Ensemble of deep learning models to predict platinum resistance in high grade serous ovarian cancer
by Kyullhee Han; Hyeonjung Ham; Se Ik Kim; Yong Sang Song; Taesung Park; TaeJin Ahn
International Journal of Data Mining and Bioinformatics (IJDMB), Vol. 24, No. 3, 2020

Abstract: Deep learning has benefits to find complicated interactions between biological entities and could make useful estimation. In clinical practice, the prediction of platinum resistance in ovarian cancer is an important problem because it alters treatment options for patients and subsequently their quality of life. In this paper, Deep Neural Network (DNN) models are designed and evaluated with several feature selection approaches.

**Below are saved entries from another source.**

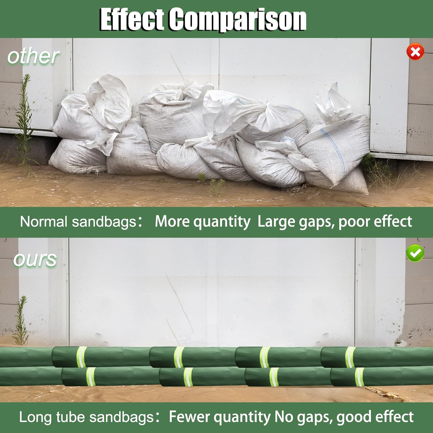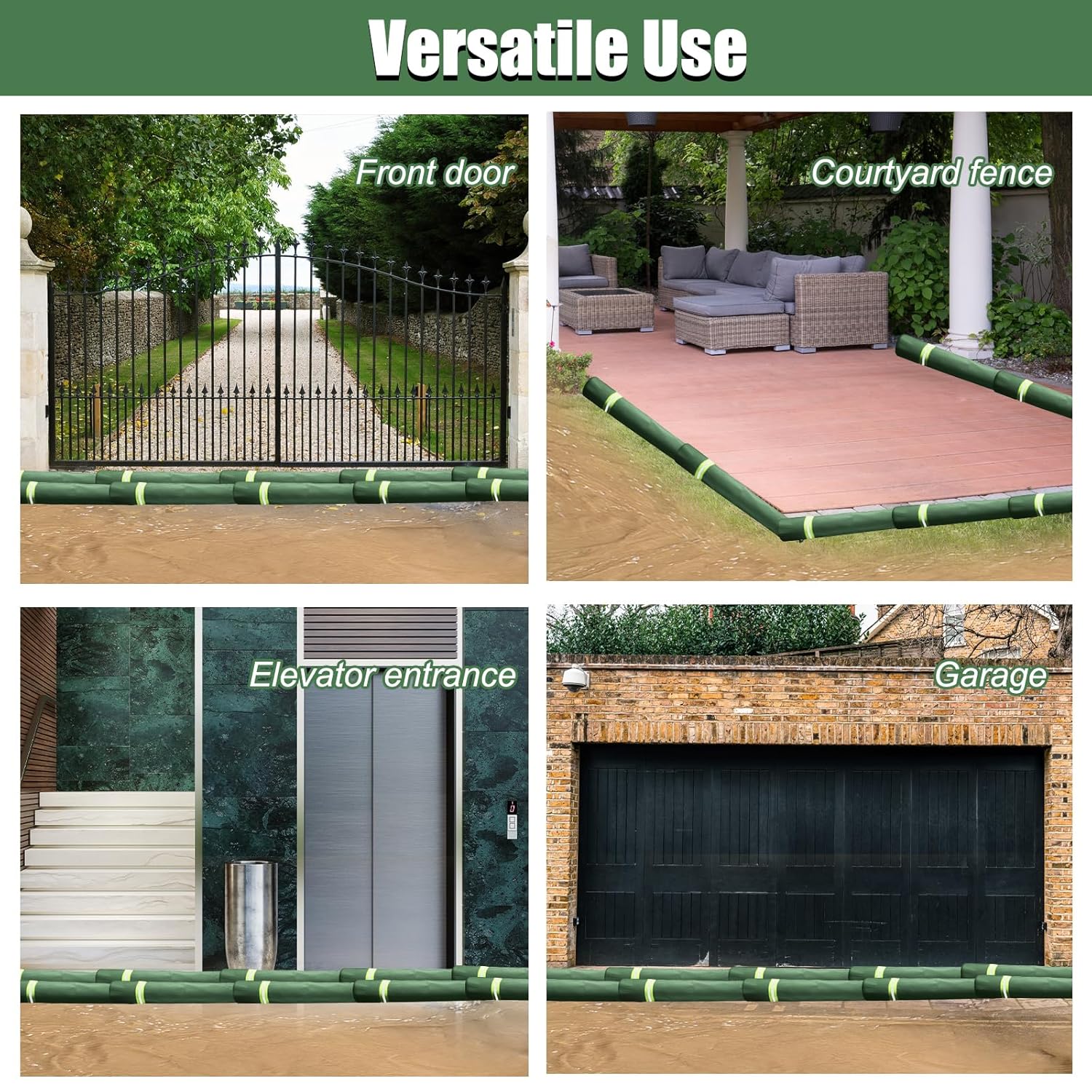 【Versatile Use】: Flood sandbags are highly adaptable, perfect for protecting doors, windows, walls, garages, basements, skylights, elevator entrances, gardens, sewers, fences, parking lots, community gates, supermarket entrances, schools, hospitals, subway stations, workshops, and more. Essential for defending against heavy rain, floods, hurricanes, and mud damage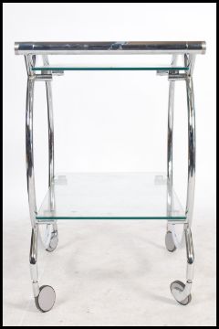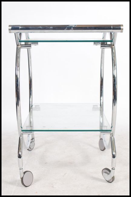 A 1930's style Art Deco chrome and glass butlers serving trolley. Raised on castors with circular chrome frame having fitted twin glass tiers. Measures: 81cm high x 72cm wide x 34cm deep.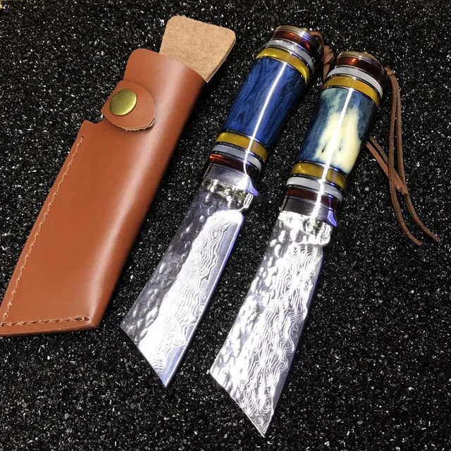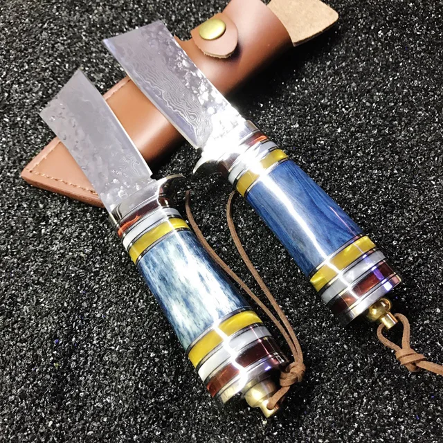 | [해외] 샤프 고정 블레이드 사냥 칼 수제 단조 다마스커스 스틸 캠핑 나이프 58-60HRC 가죽 핸들 생존 전술 도구 |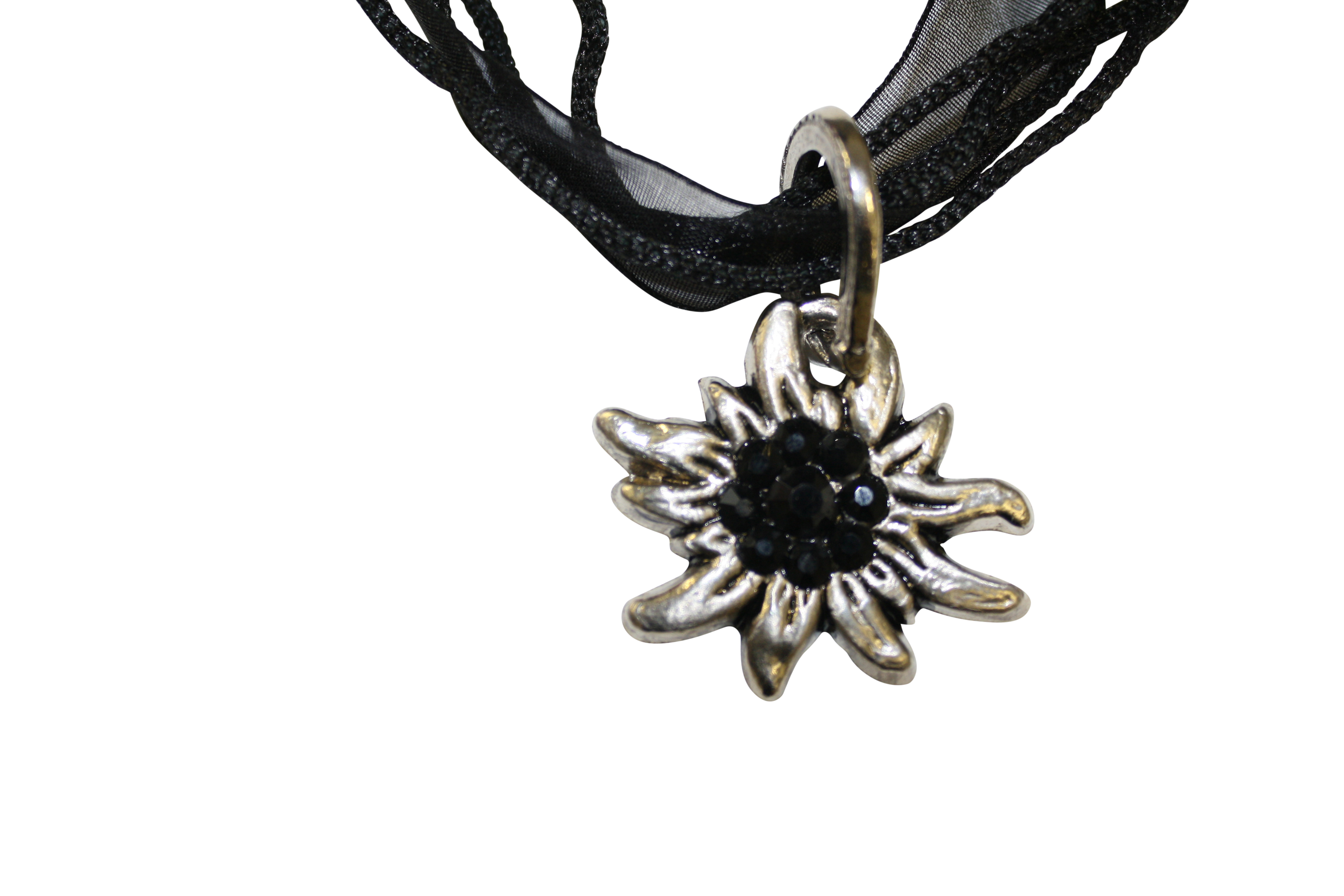 Süße Trachtenhalskette mit schwarzem Band und Edelweiß Anhänger mit schwarzen Strass- Steinchen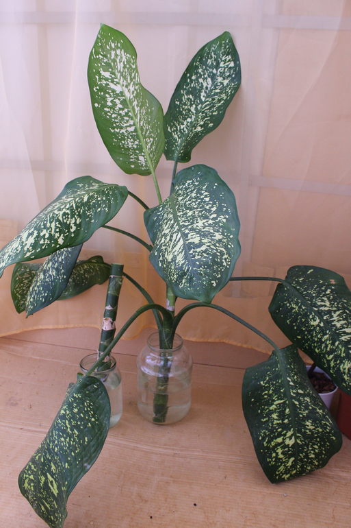 Я тоже недели две назад чиркнула диффенбахию))) Сейчас уже корешки пустили см 5. Думаю верхушку оставить только. Ствол уже толстый и будет более устойчивее стоять. А из голого ствола всего 6 штук нарезала, вот теперь не знаю куда девать... Пенек же пустил две росточки. И баночкой я не прикрывала)))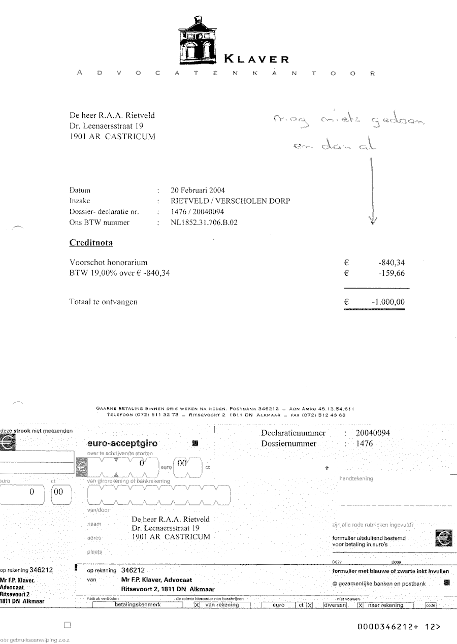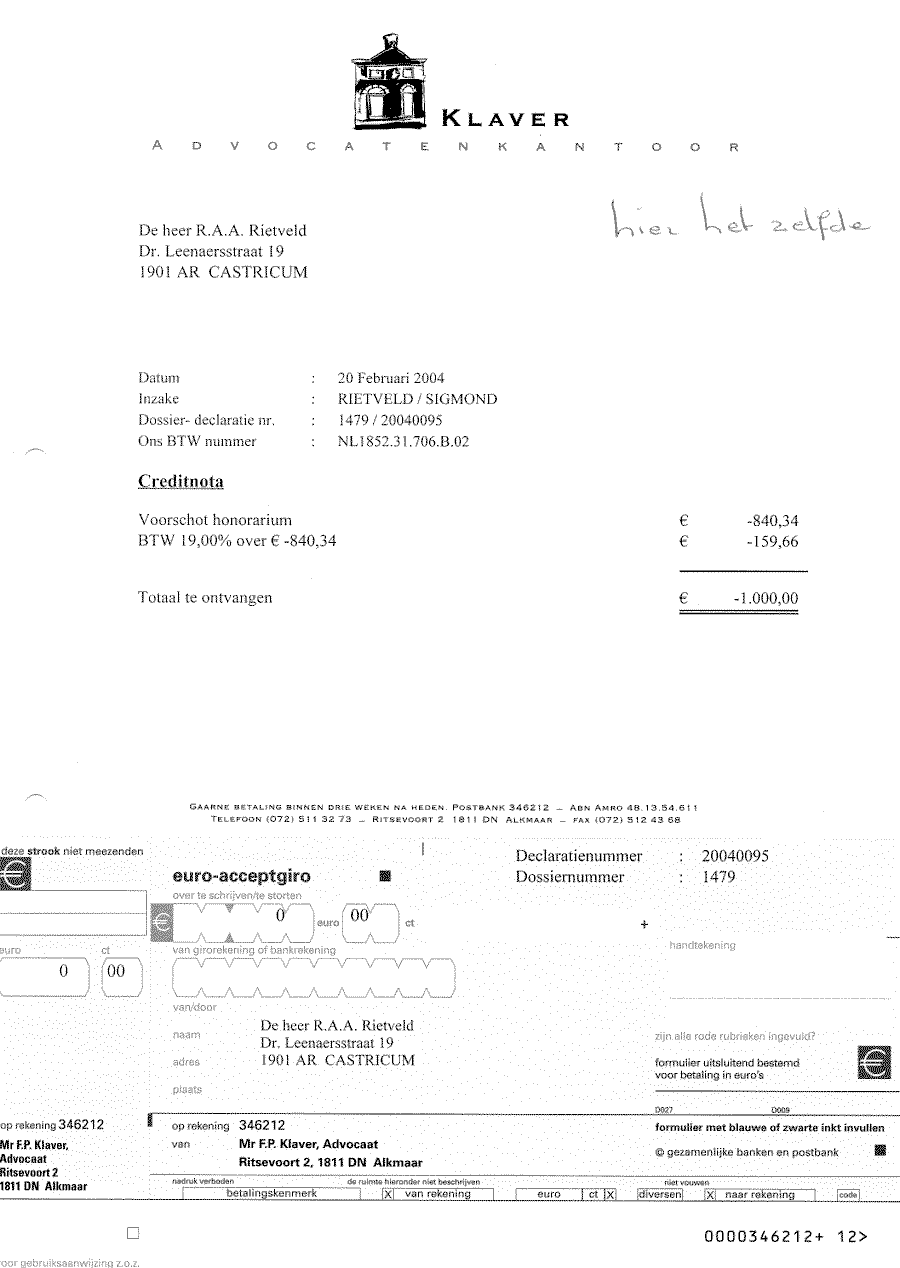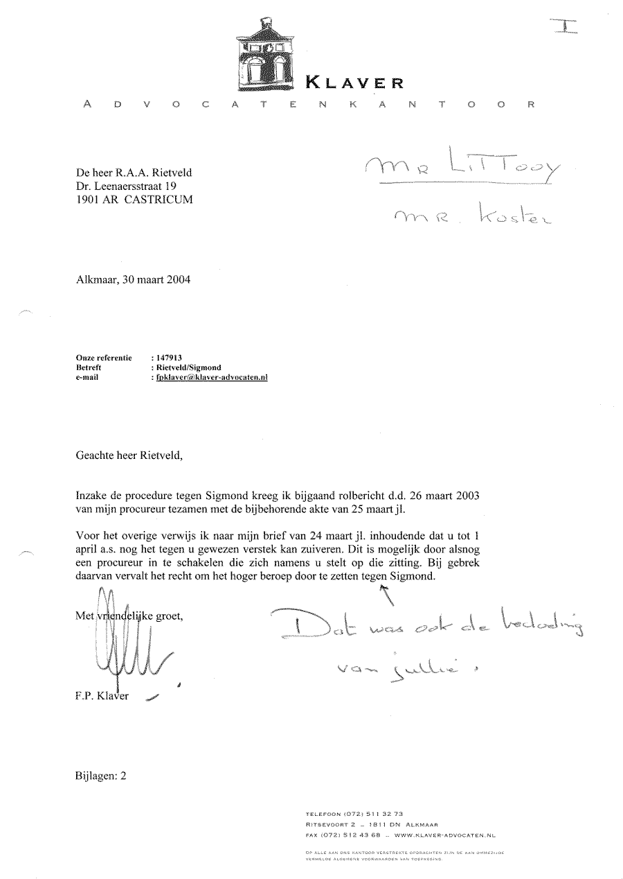 Verwijt aan mr. Sigmond over z'n inactiviteit. Wel betalen, maar niet kunnen halen!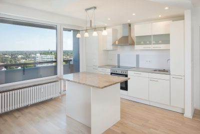 Die offene Einbauküche in elegantem Hochglanzweiß besitzt ein großes Cerankochfeld und kommt in Vollausstattung mit sämtlichen Geräten sowie Über- und Unterschränken. Besonders angenehm ist der direkte Zugang zum ersten Balkon. Von hier läßt es sich im Sommer gemütlich Frühstücken und die Sonnenaufgänge zu zweit genießen. Ein besonderer Blickfang ist die von allen Seiten begehbare Kücheninsel mit massiver Granitplatte.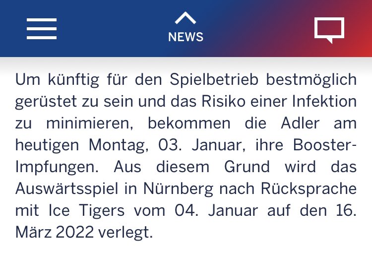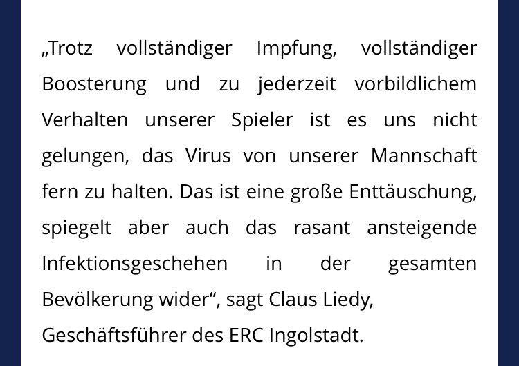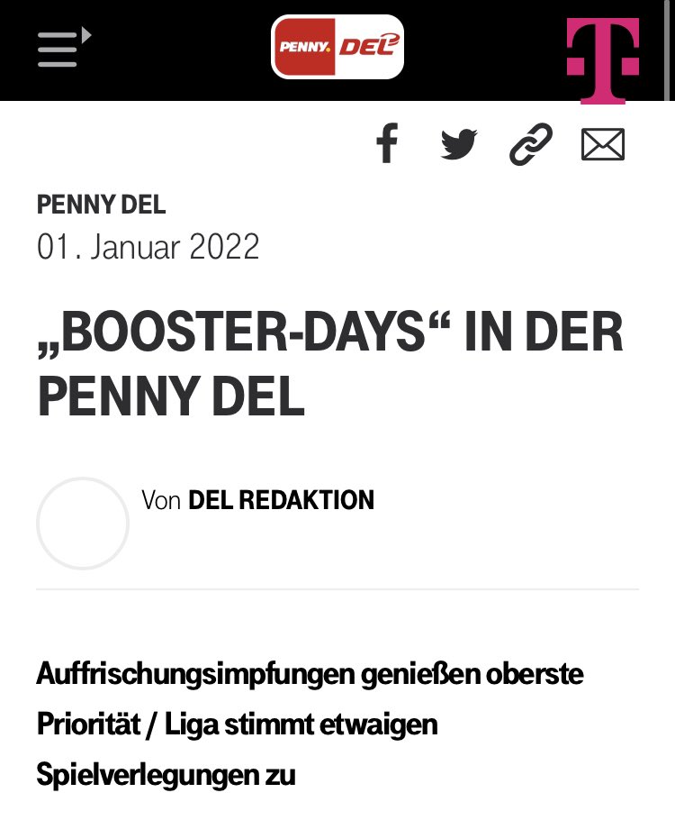 … in der Dt. Eishockey-Liga DEL die sog. „Booster-Days“. Die Liga hatte die zügigen Booster-Impfungen der Teams als so wichtig erachtet, dass dafür sogar Spiele verschoben wurden.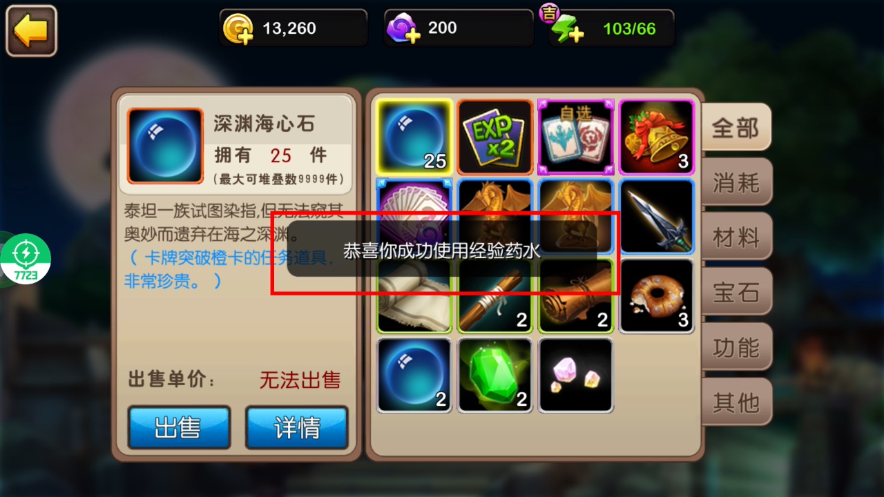 4、使用经验道具后会收到成功提示,背包中【深渊海心石】是珍贵突破材料,需妥善保存用于后续卡牌突破。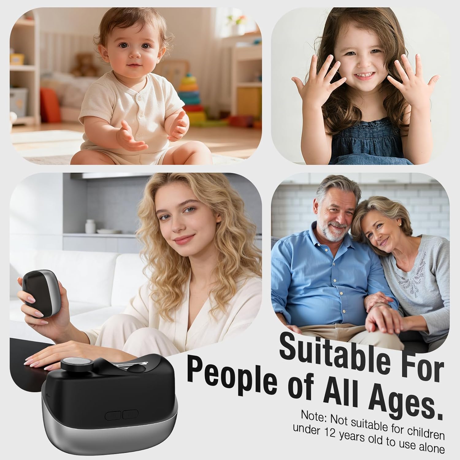 【Long Battery Life】This electric nail trimmer is equipped with a large-capacity rechargeable battery that supports fast charging, 90-day runtime per charge, no frequent recharging.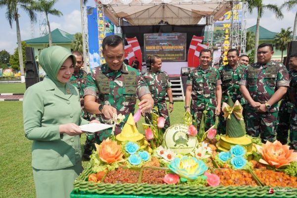 Tasyakuran HUT Ke-61 Korem 071/Wijayakusuma ditandai dengan pemotongan tumpeng oleh Danrem 071/Wijayakusuma Kolonel Inf Yudha Airlangga, S.E, didampingi Ketua Persit Kartika Chandra Kirana Koorcab Rem 071 PD IV/Diponegoro Ny. Natania Yudha Airlangga. Potongan tumpeng tersebut, selanjutnya diberikan kepada Mayor Chk Permana, S.H sebagai perwakilan prajurit yang memasuki masa pensiun.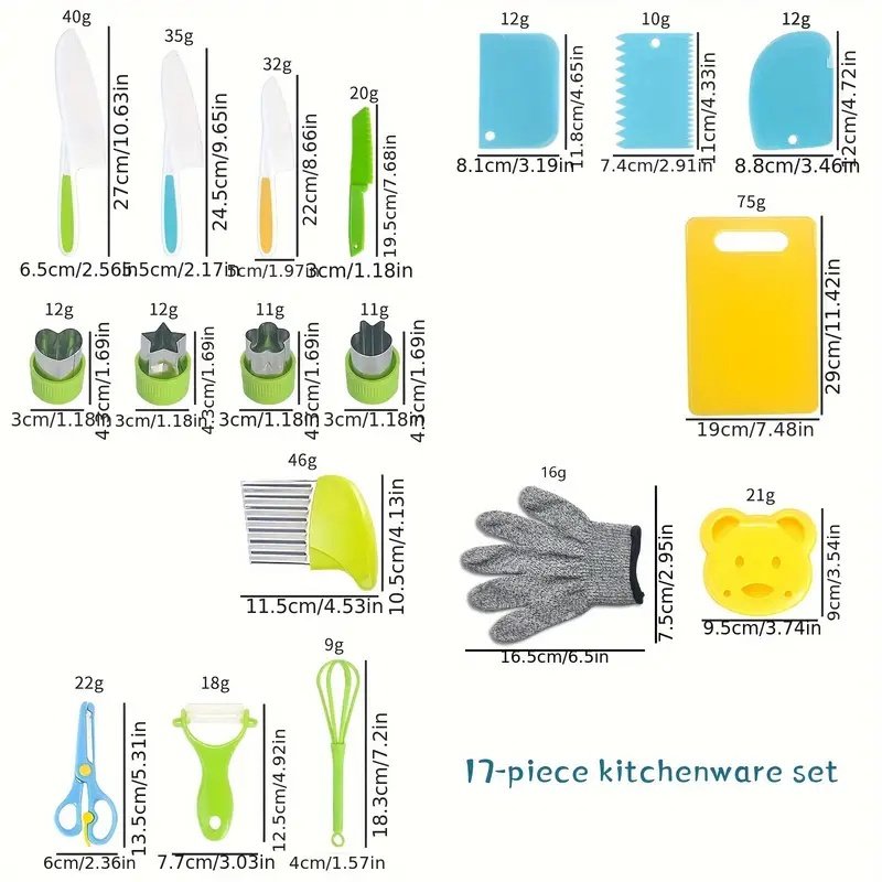 Real kitchenware experience: A 12 piece set of kitchen tools designed specifically for children aged 4-8, including safety knives, mixing bowls, baking molds, etc. It is fully functional but mini in size, allowing children to experience the joy of real cooking.
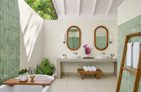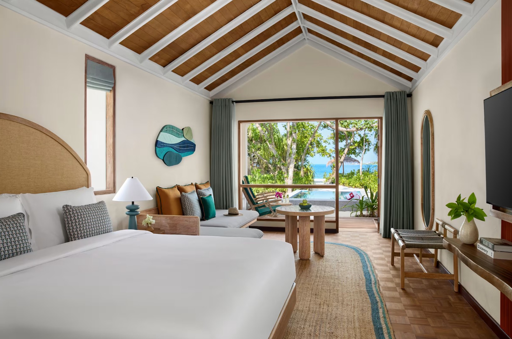 - 91-100 qm, Villa, Strandlage, Sonnenuntergangsseite, nach oben halb offenes Bad, Badewanne, Regendusche, WC, Haartrockner, Klimaanlage, Ventilator, Minibar kostenpflichtig, Safe, TV, Bluetooth-Lautsprecher, WLAN, Wasserkocher, Espressomaschine, Kaffee/Tee, Terrasse (möbliert), direkter Strandzugang, Plunge Pool

Among the feature selection approaches, genes selected by group difference in gene expression showed the best performance of 0.838 in test accuracy and 0.889 in test AUC. Hybrid ensemble approaches displayed a performance of 0.903 in test accuracy and 0.869 in test AUC. An alternative hybrid ensemble model with removed partially sensitive samples displayed the performance of 0.903 in test accuracy and 0.914 in test AUC. These results suggest that a hybrid ensemble approach could help prediction of platinum resistance in ovarian cancer and subsequent treatment practice in clinics.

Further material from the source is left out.